START Extracted material

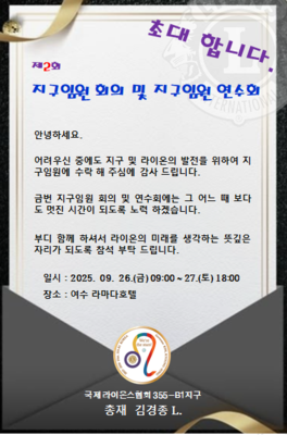 초대합니다. 제2회 지구임원회의 및 지구임원 연수회
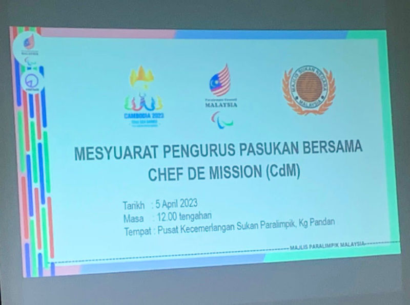 Ms Noor Syahieda Binti Mat Shah, the CdM for Cambodia 2023 12th ASEAN Para Games chaired the Team Managers’ Meeting held at Paralympic Sports Centre of Excellence Kampung Pandan on 5 April 2023 (Wednesday). Ms Noor is also a Vice President of Paralympic Council Malaysia.
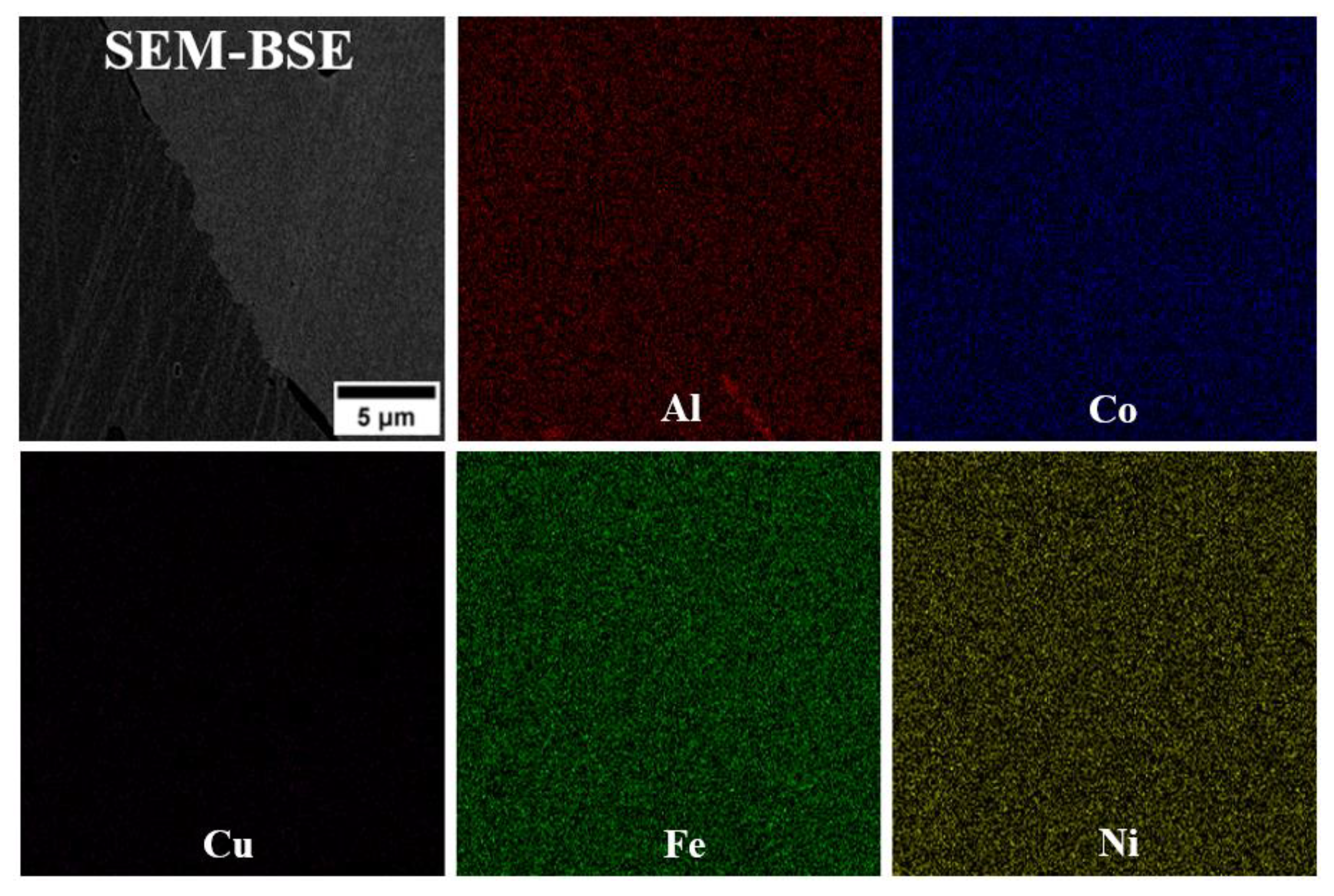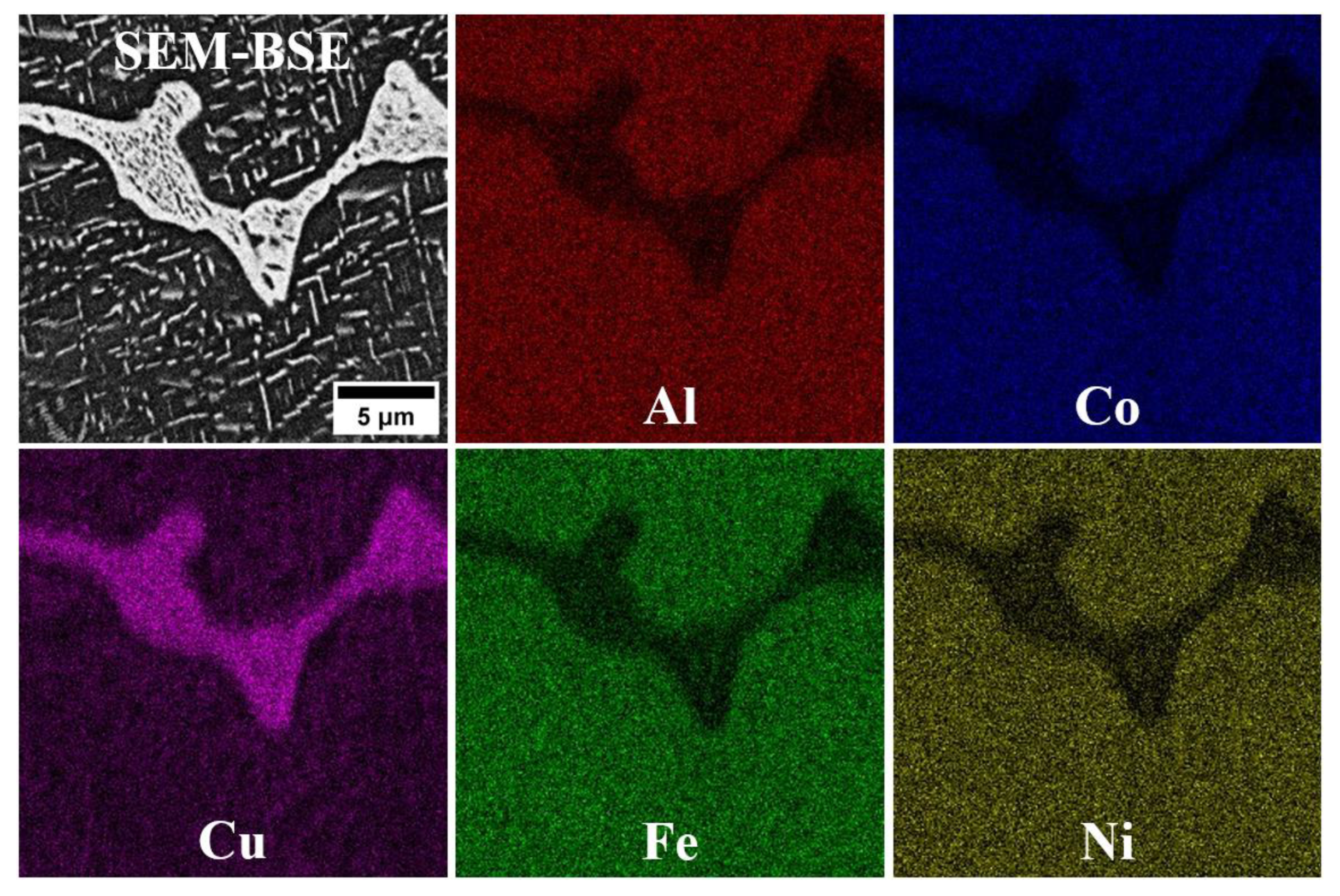 - In the microstructure of the equiatomic D5 alloy, the two phases exhibit distinct chemical compositions and hardness. The SEM-EDS analysis indicates that Al and Cu tend to segregate significantly, whereas Co shows the least susceptibility to segregation.
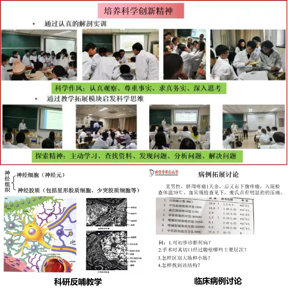 将临床案例、中医病案、针灸腧穴等内容引入到解剖教学中,增强了学生知识迁移的能力以及分析问题和解决问题的能力,增强了学生临床思维能力。在一线教育教学工作中践行科研反哺教学,能够引导学生进行研究性学习和创新性实践,在本科教学中也将团队科研的成果和相关的研究进展结合解剖学知识点引入课堂,开阔了学生的视野,启迪了学生的科研思维和好奇心,学生受益面广,充分发挥了课程对人才培养的主阵地、主渠道、主战场作用,充分体现了“双一流”A+专业学术型人才的培养目标。
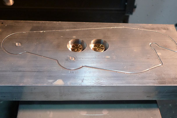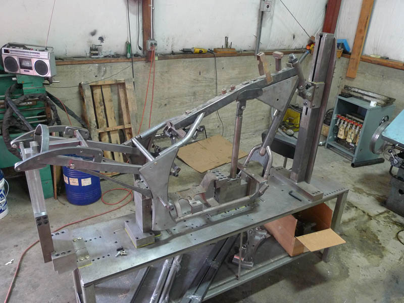 Here is our Jig with a frame in progress mounted into it. This is a good reliable jig with numerous rigid mounting points but which also allows for easily removing the entire frame after welding. A frame jig holds all frame parts in place while they are being welded together. This thing weighed probably 800 lbs. Ok, on to actually making some bike parts First up, I was unhappy with my front end parts and decided to remake them on the CNC, it would be a good part to learn on as well. First up, is the fixture for holding the part.
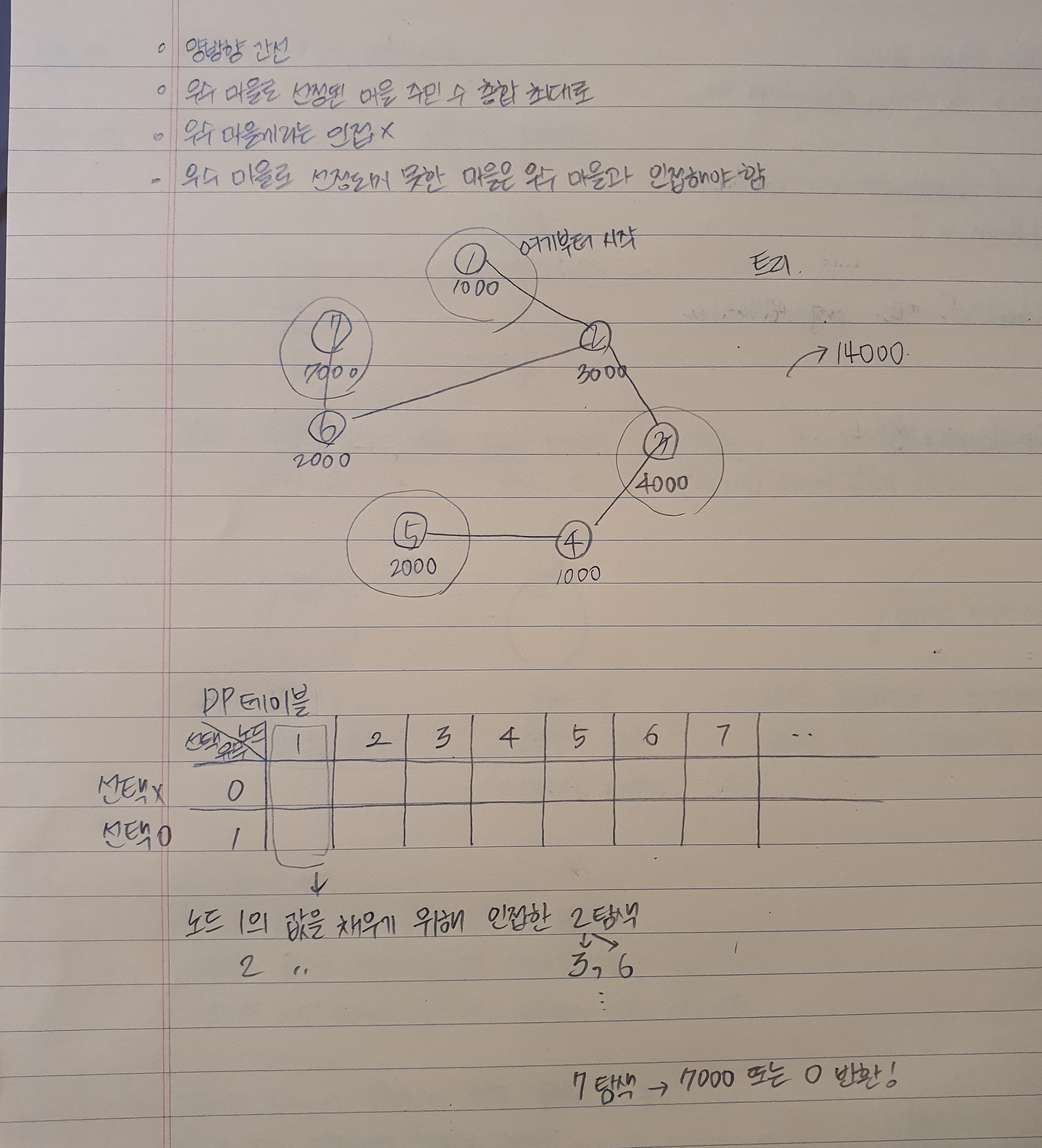 DFS+DP 로 트리에서의 DP를 해결할 수 있고 아래처럼 DP 테이블을 채우기 위해 계속해서 인접한 노드를 탐색하는 점에서 DFS가 강력하다!

END Extracted material

What the task requires:
The answer must be an exact copy of the records, with no images in it.

Reply to the task:
 초대합니다. 제2회 지구임원회의 및 지구임원 연수회
 Ms Noor Syahieda Binti Mat Shah, the CdM for Cambodia 2023 12th ASEAN Para Games chaired the Team Managers’ Meeting held at Paralympic Sports Centre of Excellence Kampung Pandan on 5 April 2023 (Wednesday). Ms Noor is also a Vice President of Paralympic Council Malaysia.
 - In the microstructure of the equiatomic D5 alloy, the two phases exhibit distinct chemical compositions and hardness. The SEM-EDS analysis indicates that Al and Cu tend to segregate significantly, whereas Co shows the least susceptibility to segregation.
 将临床案例、中医病案、针灸腧穴等内容引入到解剖教学中,增强了学生知识迁移的能力以及分析问题和解决问题的能力,增强了学生临床思维能力。在一线教育教学工作中践行科研反哺教学,能够引导学生进行研究性学习和创新性实践,在本科教学中也将团队科研的成果和相关的研究进展结合解剖学知识点引入课堂,开阔了学生的视野,启迪了学生的科研思维和好奇心,学生受益面广,充分发挥了课程对人才培养的主阵地、主渠道、主战场作用,充分体现了“双一流”A+专业学术型人才的培养目标。
 Here is our Jig with a frame in progress mounted into it. This is a good reliable jig with numerous rigid mounting points but which also allows for easily removing the entire frame after welding. A frame jig holds all frame parts in place while they are being welded together. This thing weighed probably 800 lbs. Ok, on to actually making some bike parts First up, I was unhappy with my front end parts and decided to remake them on the CNC, it would be a good part to learn on as well. First up, is the fixture for holding the part.
 DFS+DP 로 트리에서의 DP를 해결할 수 있고 아래처럼 DP 테이블을 채우기 위해 계속해서 인접한 노드를 탐색하는 점에서 DFS가 강력하다!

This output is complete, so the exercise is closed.